It’s been a long wait for Trinidad and Tobago, but finally they have an opportunity to cast aside some demons. T&T, who are known affectionately as the Soca Princesses, dominated their two-match intercontinental play-off against Ecuador four years ago, but somehow slipped up after conceding a decisive last-minute goal to miss qualification for their first-ever FIFA Women’s World Cup™.
Fast forward to the present day and the opportunity for redemption is in sight. Next month T&T will line up among an eight-nation field at the USA-based CONCACAF Women’s Championship where three nations will earn passage to France 2019, while a fourth will book a play-off spot against Argentina.
A key cog for the Soca Princesses is the vastly experienced Kennya Cordner. A powerful and speedy forward, Cordner is ready to make an on-field statement following a brief self-imposed exile from the national team set-up.
Cordner brings goalscoring know-how and X-factor to a team short on exposure to various styles of football. Most of the squad are either based locally, or have spent the majority of their careers in USA playing college or regional football.
In that sense at least, Cordner – who once scored nine goals in an Olympic Games qualifier – is very much an outlier. The Tobagan has played in four continents and six countries in a colourful career journey that even included a brief sojourn in Paraguay.
Cordner has worn the colours of several clubs in the United States, and has enjoyed stints in Sweden and Australia, as well as Norway where she currently turns out for Sandviken. It could barely be any further from her sleepy hometown of Speyside – a village better known for bird-watching and reef diving than it is international footballers.
For one brief moment, women’s football was unexpectedly, and almost unbelievably, front and centre in the Caribbean nation. The Soca Princesses are used to little fanfare, so they were surprised as anyone when a sold-out 22,000 crowd gathered at the Hasely Crawford stadium in Port of Spain four years ago with a spot at Canada 2015 on offer.
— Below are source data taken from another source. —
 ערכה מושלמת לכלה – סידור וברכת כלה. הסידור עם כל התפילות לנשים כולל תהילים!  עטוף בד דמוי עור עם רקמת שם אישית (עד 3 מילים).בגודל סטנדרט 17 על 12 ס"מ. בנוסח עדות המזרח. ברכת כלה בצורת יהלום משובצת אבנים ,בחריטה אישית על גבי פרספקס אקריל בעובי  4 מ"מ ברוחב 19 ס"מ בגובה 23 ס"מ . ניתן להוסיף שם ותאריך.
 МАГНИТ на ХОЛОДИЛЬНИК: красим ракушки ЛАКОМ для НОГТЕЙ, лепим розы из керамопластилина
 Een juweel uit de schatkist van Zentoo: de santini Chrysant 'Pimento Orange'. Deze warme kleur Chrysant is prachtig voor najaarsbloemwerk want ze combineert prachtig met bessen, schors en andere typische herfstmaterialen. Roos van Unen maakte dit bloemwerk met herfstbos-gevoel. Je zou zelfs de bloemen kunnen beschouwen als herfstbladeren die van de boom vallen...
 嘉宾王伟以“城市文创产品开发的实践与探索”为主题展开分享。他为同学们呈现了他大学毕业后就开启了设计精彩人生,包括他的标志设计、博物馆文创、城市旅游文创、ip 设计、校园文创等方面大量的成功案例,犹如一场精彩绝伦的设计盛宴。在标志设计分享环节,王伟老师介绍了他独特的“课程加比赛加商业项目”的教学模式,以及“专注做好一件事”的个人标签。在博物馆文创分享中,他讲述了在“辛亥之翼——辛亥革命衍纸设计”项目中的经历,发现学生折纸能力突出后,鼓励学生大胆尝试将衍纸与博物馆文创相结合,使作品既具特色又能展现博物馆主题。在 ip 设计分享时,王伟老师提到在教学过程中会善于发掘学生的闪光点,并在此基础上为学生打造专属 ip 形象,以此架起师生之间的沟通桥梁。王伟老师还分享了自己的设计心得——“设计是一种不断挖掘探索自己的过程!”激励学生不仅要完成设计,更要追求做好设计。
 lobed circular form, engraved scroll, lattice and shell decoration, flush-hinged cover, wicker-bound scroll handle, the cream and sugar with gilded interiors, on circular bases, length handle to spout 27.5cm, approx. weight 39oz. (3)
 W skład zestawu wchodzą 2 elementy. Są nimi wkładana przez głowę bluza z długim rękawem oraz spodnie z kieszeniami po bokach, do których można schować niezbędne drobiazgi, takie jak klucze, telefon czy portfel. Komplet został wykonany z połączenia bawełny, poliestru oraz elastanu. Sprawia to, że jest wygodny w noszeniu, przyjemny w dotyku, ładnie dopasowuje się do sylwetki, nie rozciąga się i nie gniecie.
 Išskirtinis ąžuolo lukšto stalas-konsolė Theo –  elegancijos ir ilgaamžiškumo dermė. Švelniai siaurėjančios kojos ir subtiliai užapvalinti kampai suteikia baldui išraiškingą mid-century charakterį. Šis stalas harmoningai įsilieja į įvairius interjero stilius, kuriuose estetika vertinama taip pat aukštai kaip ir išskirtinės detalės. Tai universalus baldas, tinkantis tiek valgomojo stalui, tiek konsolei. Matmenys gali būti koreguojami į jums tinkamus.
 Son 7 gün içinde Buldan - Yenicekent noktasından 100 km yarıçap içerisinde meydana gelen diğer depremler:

Cordner was narrowly denied a historic match-winning goal when her spectacular overhead strike came back off the crossbar. The 29-year-old, however, is not one to dwell on what could have been as she told FIFA.com.
"It doesn’t really impact on me that much anymore," said Cordner. "It was disappointing and it hurt at the time, but that is in the past and I’m not discouraged. Every time I think about 2014, I’m not sad but I just say, ‘it wasn’t our time, because otherwise we would have been in a World Cup’. It just wasn’t meant to be."
And it will be far from easy this time around with USA, Canada and Mexico strong favourites for the upcoming continental championship, while Costa Rica and Jamaica have made massive progress in recent years.
T&T qualified for the continental championship behind Caribbean zone winners Jamaica, but Cordner was buoyed but what she experienced upon her return to the side.
"The energy and positivity of the girls was amazing and that is how it is supposed to be,” said Cordner, who is just one of three Tobagans in the squad. "Hopefully we have enough preparation so we have our chemistry, because it is going to be a tough challenge mentally and physically."
Cordner, who says she wants to play until the age of 40, is desperate to once again see women’s football uniting the Caribbean nation just as it did in 2014.
“That experience was amazing,” said the player known as Yaya. “I have never played in front of so many people in my entire life. We filled the stadium and we brought people together and that was the most amazing thing ever. Hopefully we have the opportunity to do that again."